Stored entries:
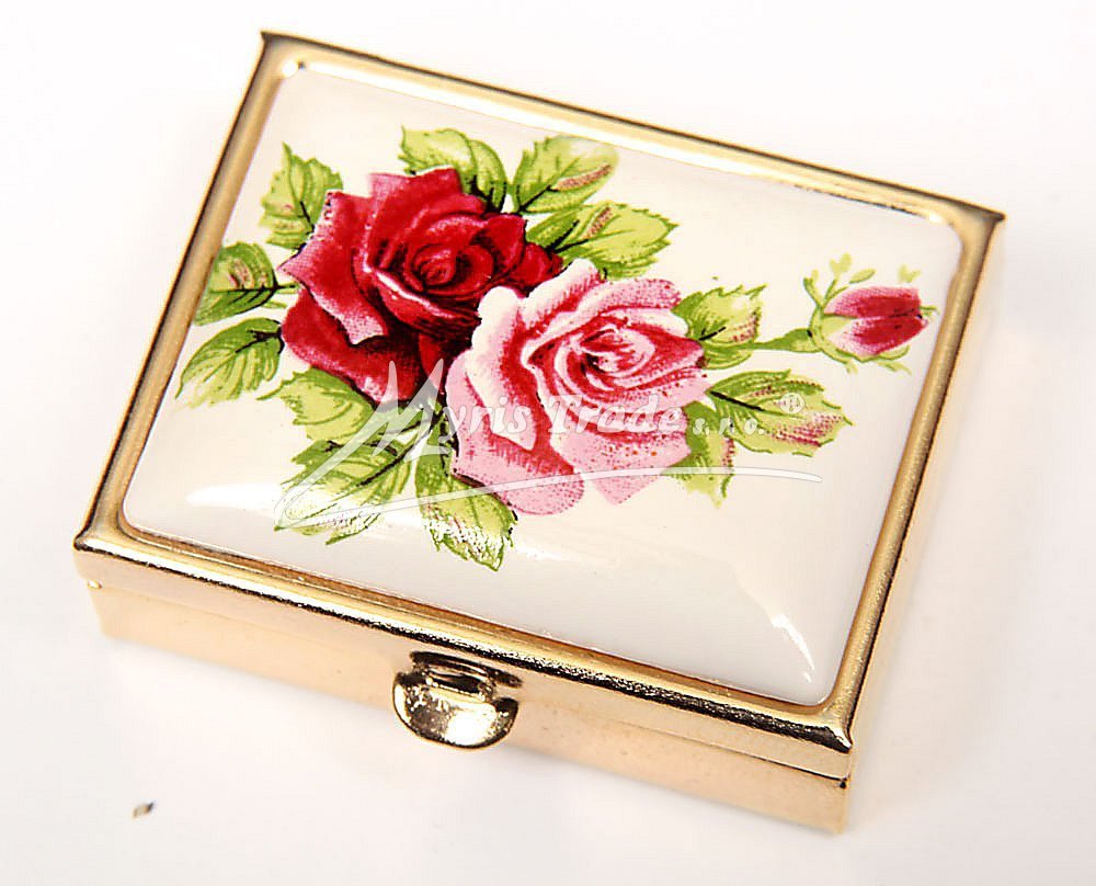klasická obdélníková lékovka je vyrobena z kovu zlaté barvy s porcelánovým víčkem s květinovým motivem
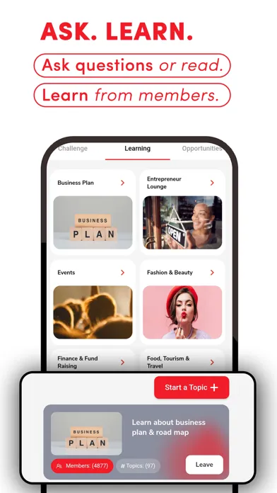 Confused? Ask questions on interest-based topics. Want to learn how to grow your business? Check our learning section. Want to increase earnings and profit? Check the opportunities section. Here are the full features in detail on our online networking business app.
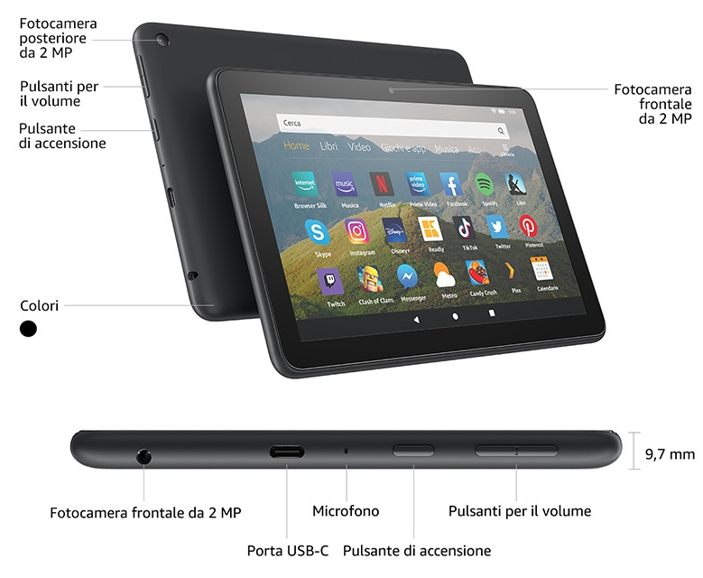In confezione saranno presenti, oltre al Fire HD 8, un cavo USB-C, un caricatore da 5W e la guida rapida all’uso.
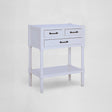 This sustainably sourced console table in a clean hand carved design creates a classically inspired aesthetic. Accented in pearl white finish, the table has three drawers complemented with handles in a sleek black finish. An additional shelf at the bottom provides open storage.
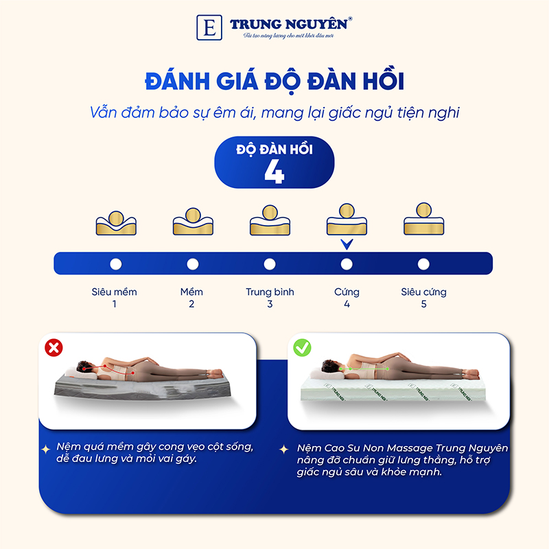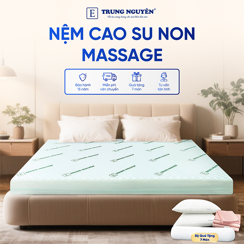 Nệm cao su non Massage Trung Nguyên được làm từ chất liệu cao su có cấu tạo độc đáo giúp sản phẩm có độ đàn hồi tốt, phù hợp với cấu trúc cột sống của mọi lứa tuổi. Ngoài ra, hiết kế bề mặt của nệm đặc biệt với hàng nghìn núm nhọn cùng với những lỗi thoáng hơi nhỏ ở phía trên và hàng trăm lỗ thoáng hơi lớn ở phía dưới, mang đến cảm giác êm dịu, nhẹ nhàng và mát mẻ, thông thoáng khí cho người nằm, đem lại một giấc ngủ ngon, thoải mái sau một ngày học tập, làm việc căng thẳng.
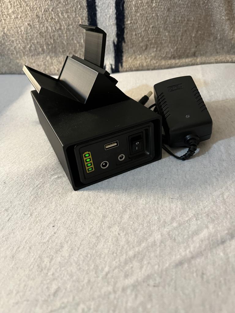 I have one holder w/battery. It was made by DreamLabNC and it has included a Talentcell LifePO4 battery w/charger. Model LF4100 6ah. I never had the time to use the setup. Bought new in October 2025.
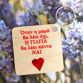 Μπρελόκ με υφή ξύλου που έχει πάνω του εκτυπωμένο, ένα έτοιμο σχέδιο της επιλογής σας.
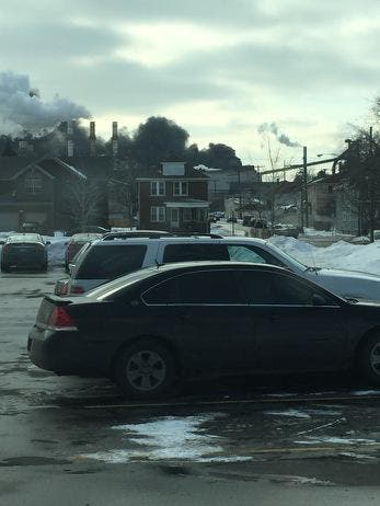 Thick black smoke was billowing from AK Steel, previously Severstal Dearborn. (Twitter photo via @RashidaTlaib)
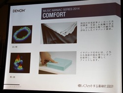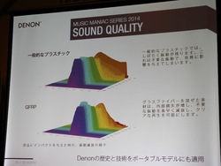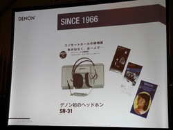 さらに高い評価を得たUSB-DAC「DA-300USB」や発売されたばかりのポータブルヘッドホン「DA-10」を引き合いに出しながら、ポータブルでもデノンサウンドを楽しめる製品に力を入れていることをアピールしていた。また、デノンがヘッドホンブランドとしても50年の歴史を誇ることも紹介していた。
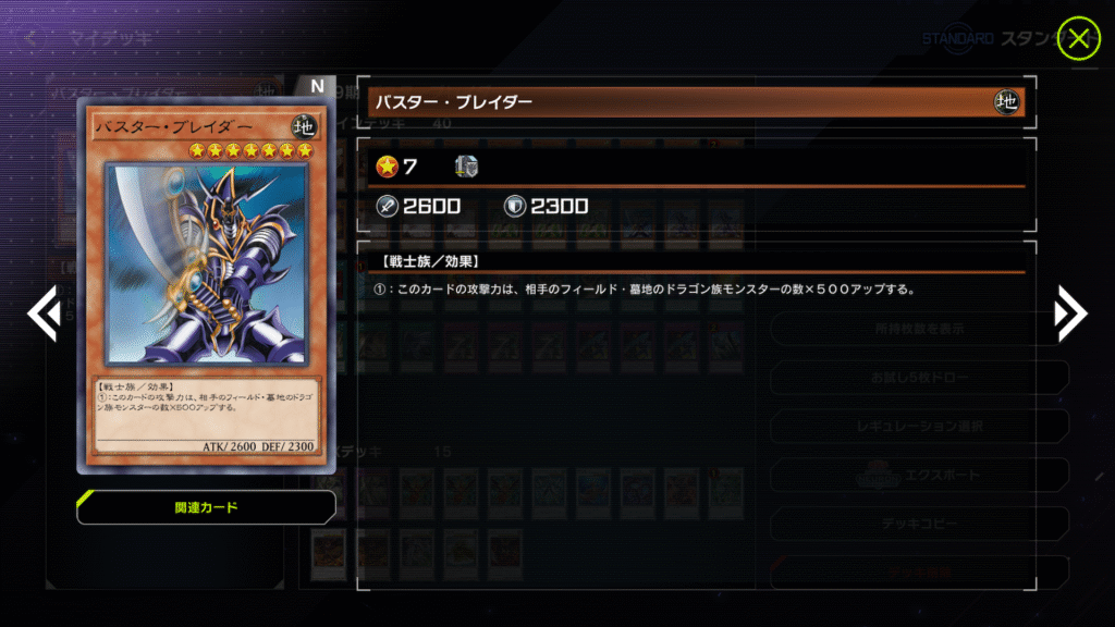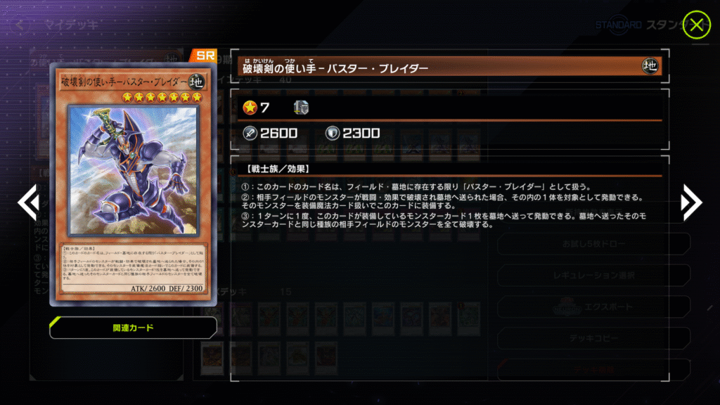 ①:このカードのカード名は、フィールド・墓地に存在する限り「バスター・ブレイダー」として扱う。②:相手フィールドのモンスターが戦闘・効果で破壊され墓地へ送られた場合、破壊されたそのモンスター1体を対象として発動できる。そのモンスターを装備カード扱いとしてこのカードに装備する。③:1ターンに1度、このカードが装備しているモンスターカード1枚を墓地へ送って発動できる。墓地へ送ったそのモンスターカードと同じ種族の相手フィールドのモンスターを全て破壊する。
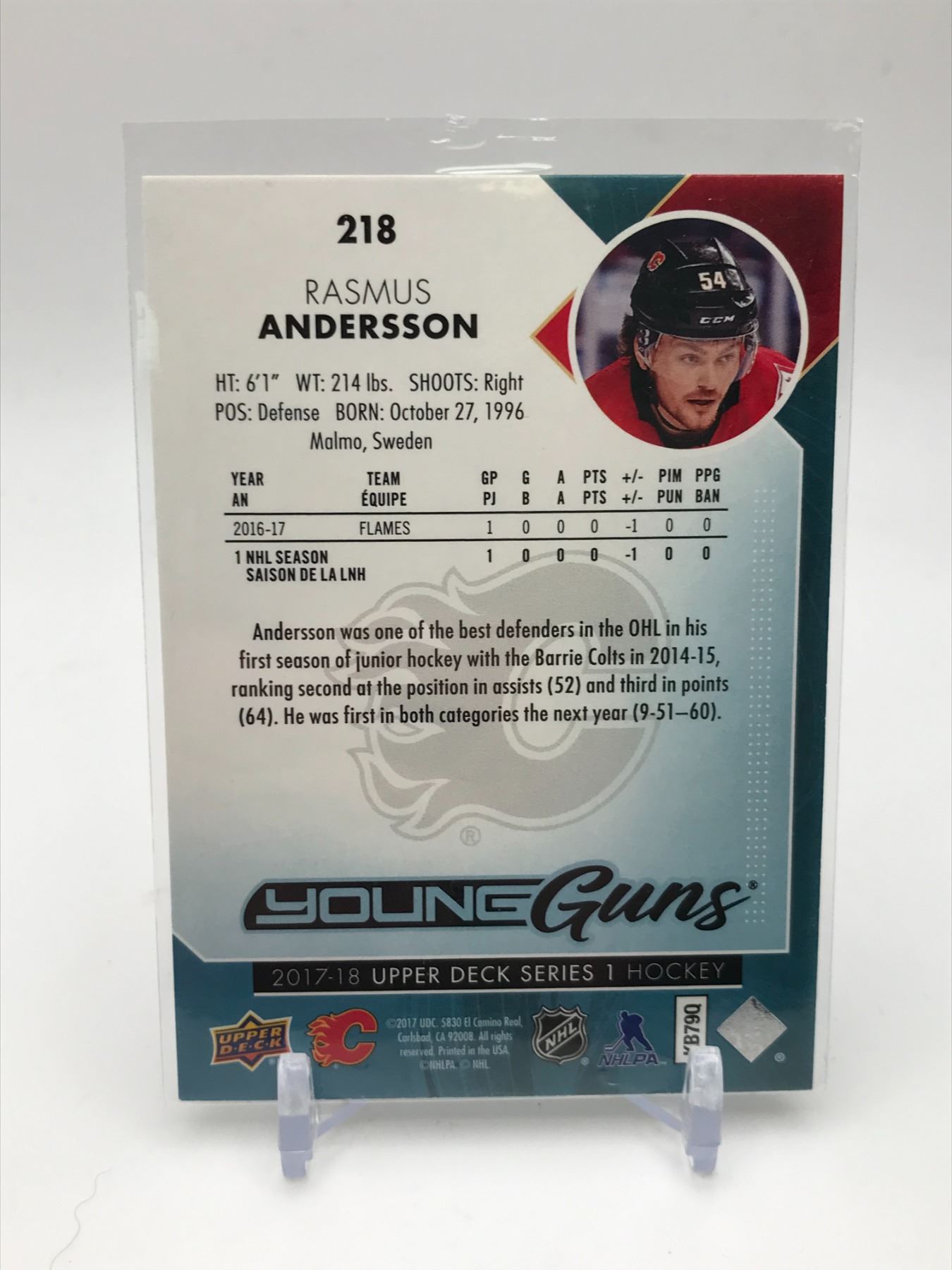 2017-18 UPPER DECK SERIES 1 NO.218 RASMUS ANDERSSON YOUNG GUNS
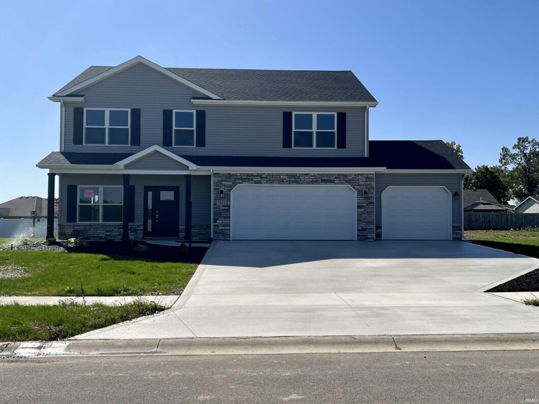 ***Substantial Price Improvement***Construction is now complete on this exceptional family home. One of Ideal Builder’s newest floorplans, this two-story Kaden features 4 bedrooms, 2.5 baths, a great room and a flex room, upper level loft, and over 2400 square feet of living space. Enter into the home and the first thing you’ll see in the spacious flex room. You name your purpose for this room; would make a great second living area or formal dining room. 9ft ceilings throughout the main level. Wonderful u-shaped kitchen with upgraded hickory cabinetry, angled upper corner cabinet, kitchen island, and premium countertops. Large corner walk-in pantry. Quartz single bowl drop in kitchen sink with upgraded spot resistant stainless pull-down kitchen faucet. Stainless steel microwave and dishwasher included with sale. Half bath centrally located on the main level. Nice size dining area with Andersen slider door stepping out onto the concrete patio. Plenty of space in the great room with triple Andersen windows. 3-car attached garage with overhead garage door opener for 2-car garage and 3rd bay, as well as numerical keypad. Primary suite located on the upper level and has a large walk-in closet, private full bath with 5′ walk-in shower with rain shower head, extra tall vanity with premium countertops, and 6′ wide bathroom linen closet. 3 additional bedrooms are located on the upper level with bedroom #2 also having a walk-in closet. 2nd full bath located on the upper level and has a door separating the toilet and shower from the vanity area. Large laundry room centrally located on the upper level and has its own linen closet. There is also a spacious loft on the upper level that can be used for a variety of purposes. Just some of the additional upgrades in this home include 2 ceiling fans (in great room and primary bedroom), rounded drywall corners, interior and exterior lighting, front door and front door sidelite, pendant lights above kitchen island, LVP flooring with quarter round, brushed nickel bath fixtures, and upgraded trim. This home is located in Lincoln Pointe which has a great location! Less than 5 miles to lots of shopping and restaurants and is also a great central location between Fort Wayne and Warsaw. Another perk to this home is the option to belong to the monthly association program eliminating the need for the homeowner to take of the lawn maintenance and snow removal.
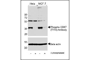 This CDK7 Antibody is generated from rabbits immunized with a KLH conjugated synthetic phosphopeptide corresponding to amino acid residues surrounding T170 of human CDK7.

> _EXERCISE INSTRUCTIONS_: Print, exactly, each line above from the one with "Μπρελόκ με υφή" to the one with "①:このカードのカード名は、", end lines included. Leave pictures out of it.

> _WRITTEN REPLY_:
 Μπρελόκ με υφή ξύλου που έχει πάνω του εκτυπωμένο, ένα έτοιμο σχέδιο της επιλογής σας.
 Thick black smoke was billowing from AK Steel, previously Severstal Dearborn. (Twitter photo via @RashidaTlaib)
 さらに高い評価を得たUSB-DAC「DA-300USB」や発売されたばかりのポータブルヘッドホン「DA-10」を引き合いに出しながら、ポータブルでもデノンサウンドを楽しめる製品に力を入れていることをアピールしていた。また、デノンがヘッドホンブランドとしても50年の歴史を誇ることも紹介していた。
 ①:このカードのカード名は、フィールド・墓地に存在する限り「バスター・ブレイダー」として扱う。②:相手フィールドのモンスターが戦闘・効果で破壊され墓地へ送られた場合、破壊されたそのモンスター1体を対象として発動できる。そのモンスターを装備カード扱いとしてこのカードに装備する。③:1ターンに1度、このカードが装備しているモンスターカード1枚を墓地へ送って発動できる。墓地へ送ったそのモンスターカードと同じ種族の相手フィールドのモンスターを全て破壊する。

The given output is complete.